Work instruction →
Please return exactly the line that contains "Ref: Sapatilha feminina" and every line after it, through the last line of the records below, with no pictures.

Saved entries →

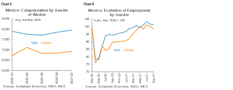 One of the most concerning elements of the Mexican labour market’s recovery has been the lag in the recovery of female employment, both in terms of jobs and income. There has been a clear divergence in wages by gender (chart 5)—a trend that is also being observed in other parts of the world. In terms of jobs, meanwhile, the initial hit taken by male and female employment at the start of the crisis was similar in both strength and pace (chart 6). However, since the June-2020 reopening of the manufacturing sector, which led to the sharp recovery in the labour market, the gap between jobs recovery by gender, which shut in the early months of 2021, has shown a very sharp divergence and has once again widened.
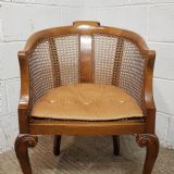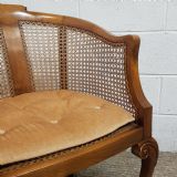 AN EDWARDIAN BERGERE WALNUT FRAMED TUB CHAIR C1900
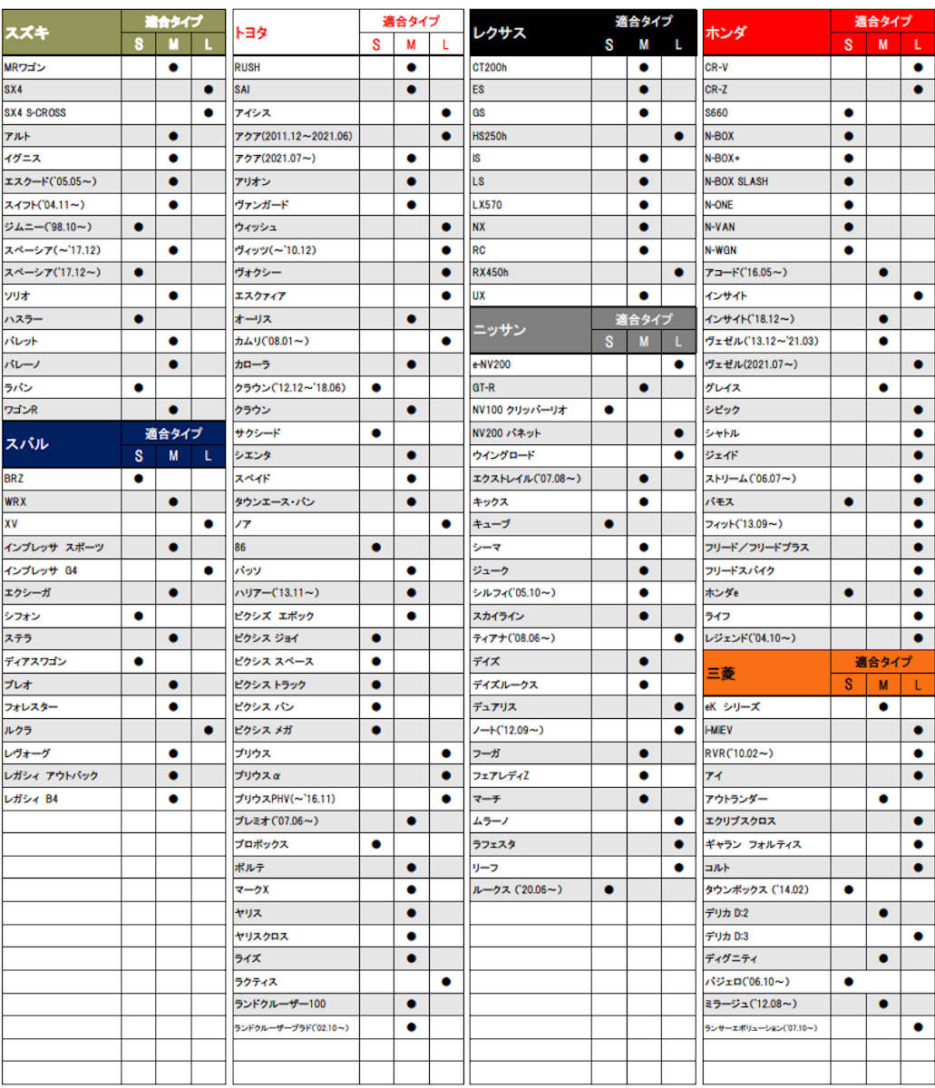 | 注意事項 | ※サイズ表はあくまでも目安です ※ご購入前にフロントガラスの実寸サイズをお確かめください |
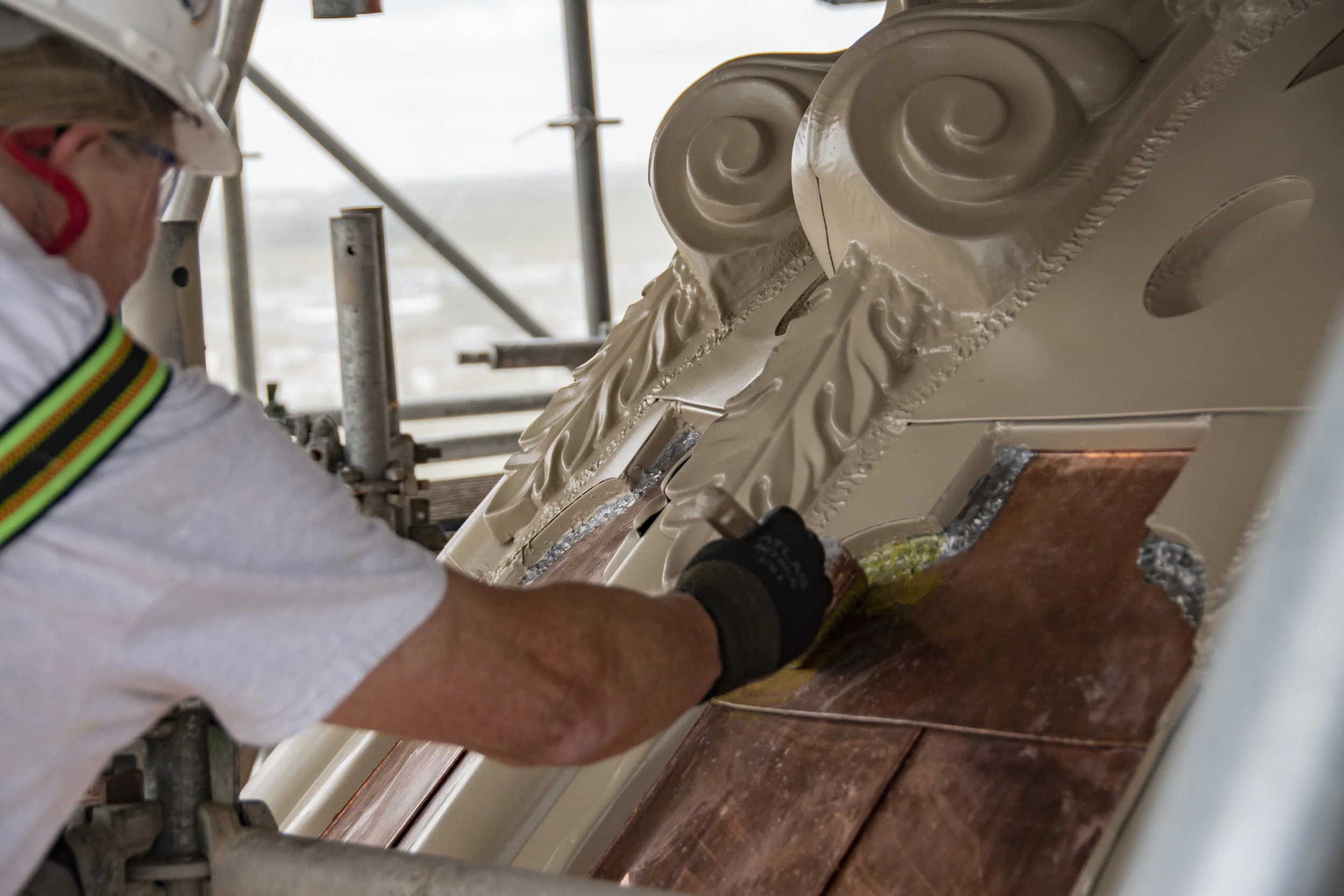 Craftsmen with Renaissance Roofing, Inc. finished the decorative pieces on the lower sections of the Capitol dome. Due to extensive damage, the original pieces were removed and recreated from copper.
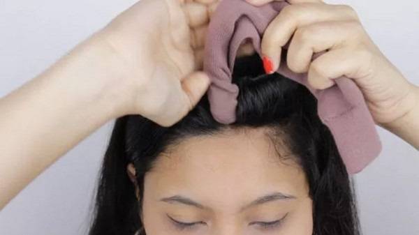 Процедура завивки волос бубликом из носка
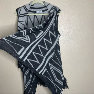 San lorenzo open front fringe wool alpaca sleeveless cardigan gray
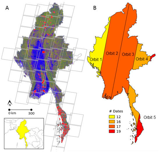 Data were obtained as Standard Archive Format for Europe (SAFE), which contains general product information in XML, for the entire region using the open access data archives. Annotated data sets hold metadata on the main characteristics including acquisition, image properties, polarization, Doppler information, swath merging, calibration, and geographic location. SAFE products were obtained as Ground Range Detected (GRD), which have already been focused, multilooked, calibrated and projected in ground range. We performed comparisons and sensitivity testing between GRD and Single Look Complex (SLC) that included combinations of multilooking and speckle filtering using image differencing and examination of algorithms at training sites. Given that ESA began observations using GRD, no improvements were found in products at training sites using SLC in correspondence with the approach executed in this effort, and the tradeoff in processing requirements, we focused on GRD for a larger (time and space) archive of images. Data were terrain-corrected, normalized, and calibrated using local incidence angles and cosine correction before converting to sigma naught (σ° dB) for mapping and analyses. A nominal 20 m spatial resolution was executed in this effort for final products considering size, speed, connectivity, and formats when sharing data with local and international partners. Layover and shadow map were generated for post processing using a Shuttle Radar Topography Mission version 4 Digital Elevation Model. A total of 39 Sentinel-1A images were required for a single time period, wall-to-wall mosaic of Myanmar. Sentinel-1 data were divided into five unique orbits and mosaicked by cycles. For time series analysis, a total of 632 images were used, across all orbits and cycles (dates) (Figure 1).
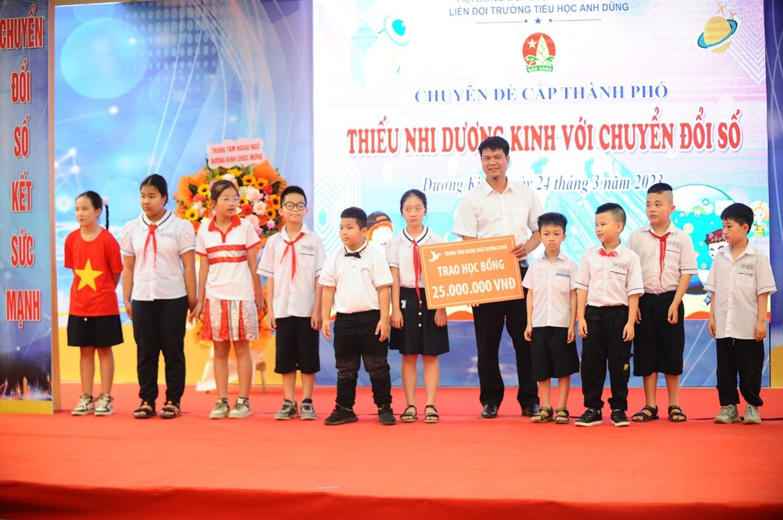 Tại chuyên đề, Trung tâm Ngoại ngữ Dương Kinh trao tặng 15 suất học bổng tiếng Anh trị giá 25 triệu đồng cho các em học sinh xuất sắc.
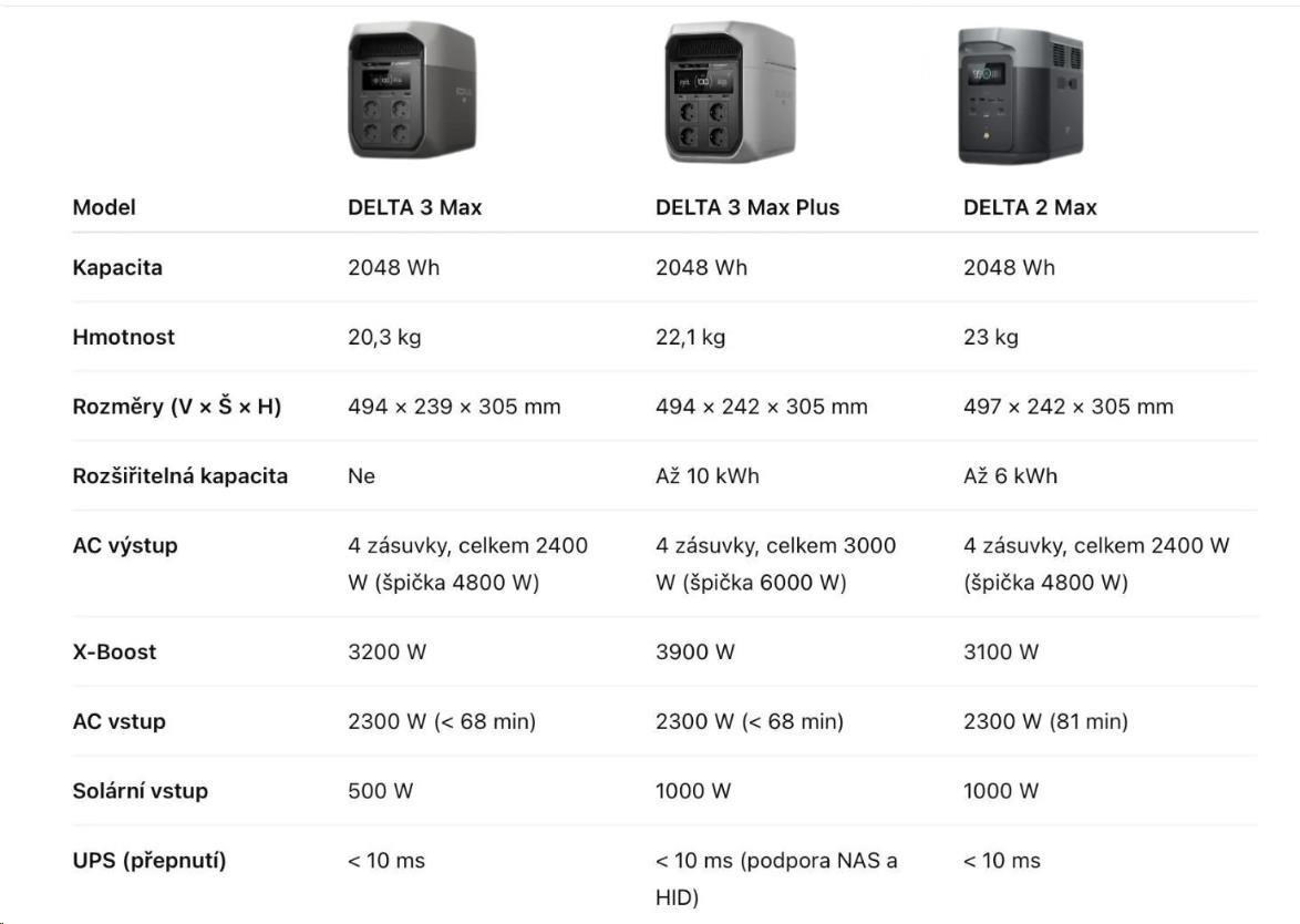| Kompatibilní přídavné baterie | DELTA 2 Max, DELTA 3 Max Plus, DELTA Pro 3, DELTA 3 přídavná baterie |
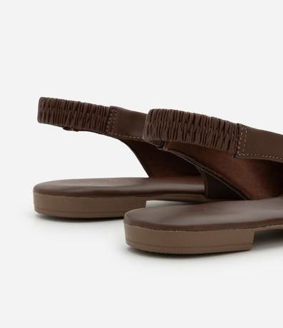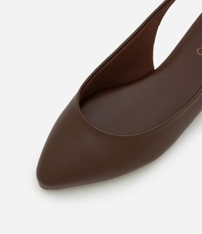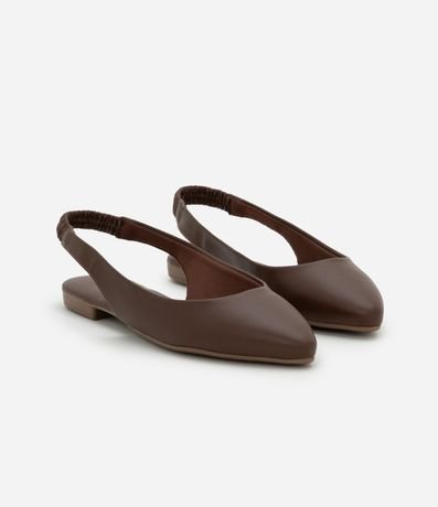 Ref: Sapatilha feminina confeccionada em material sintético, peça com bico redondo, tira assimétrica com elástico no tornozelo e salto rasteiro.
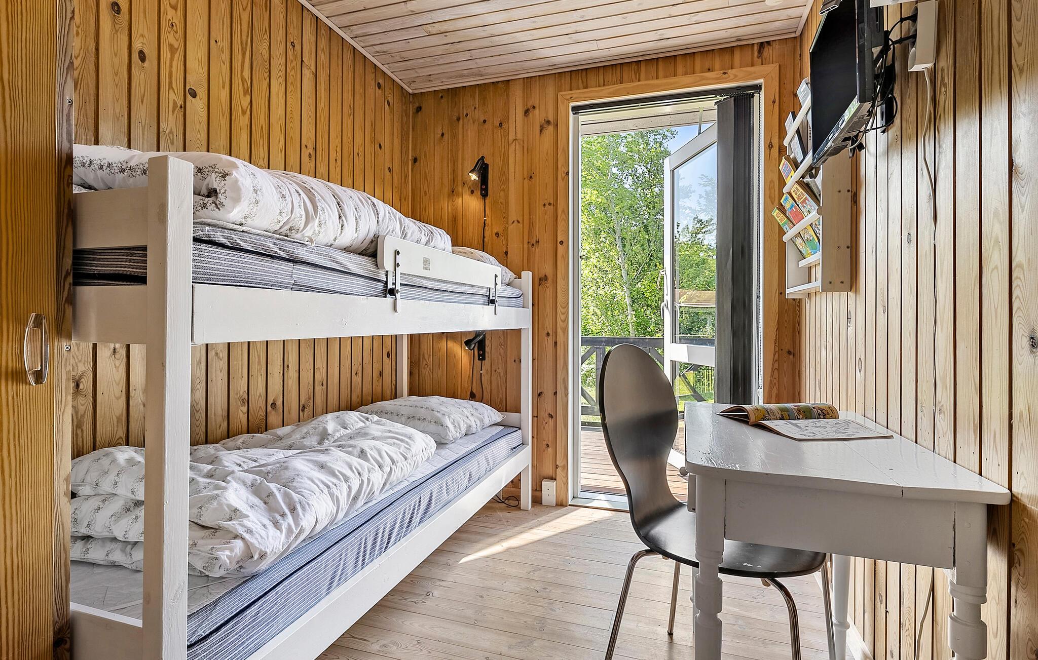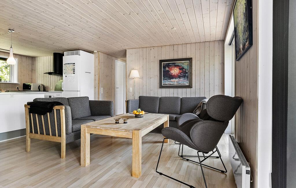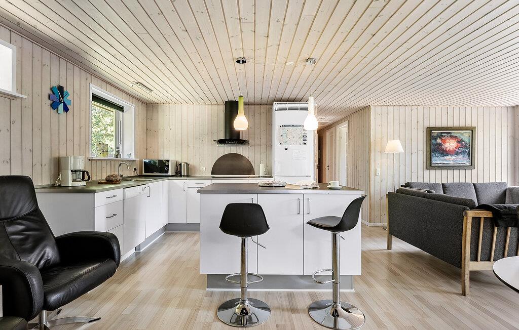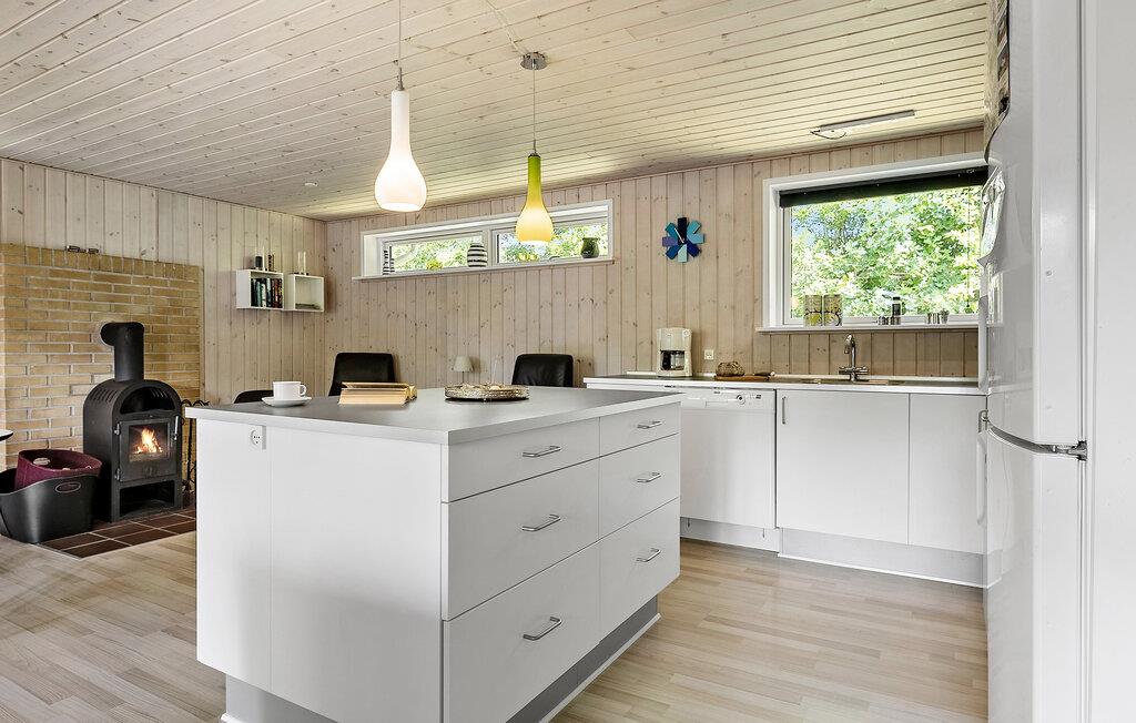 Ihr Ferienhaus empfängt Sie mit einer wohnlichen Atmosphäre und einer durchdachten Ausstattung. Der Innenbereich überzeugt mit einer freundlichen Holzverkleidung. Entspannen Sie auf dem Sofa, lesen Sie ein Buch oder versammeln Sie sich zu einem Spieleabend am knisternden Kaminofen. Kochen Sie gemeinsam in der offen gestalteten Küche und genießen Sie Ihre Mahlzeiten am einladenden, langen Esstisch mit Platz für die ganze Familie.

Response area →
 Ref: Sapatilha feminina confeccionada em material sintético, peça com bico redondo, tira assimétrica com elástico no tornozelo e salto rasteiro.
 Ihr Ferienhaus empfängt Sie mit einer wohnlichen Atmosphäre und einer durchdachten Ausstattung. Der Innenbereich überzeugt mit einer freundlichen Holzverkleidung. Entspannen Sie auf dem Sofa, lesen Sie ein Buch oder versammeln Sie sich zu einem Spieleabend am knisternden Kaminofen. Kochen Sie gemeinsam in der offen gestalteten Küche und genießen Sie Ihre Mahlzeiten am einladenden, langen Esstisch mit Platz für die ganze Familie.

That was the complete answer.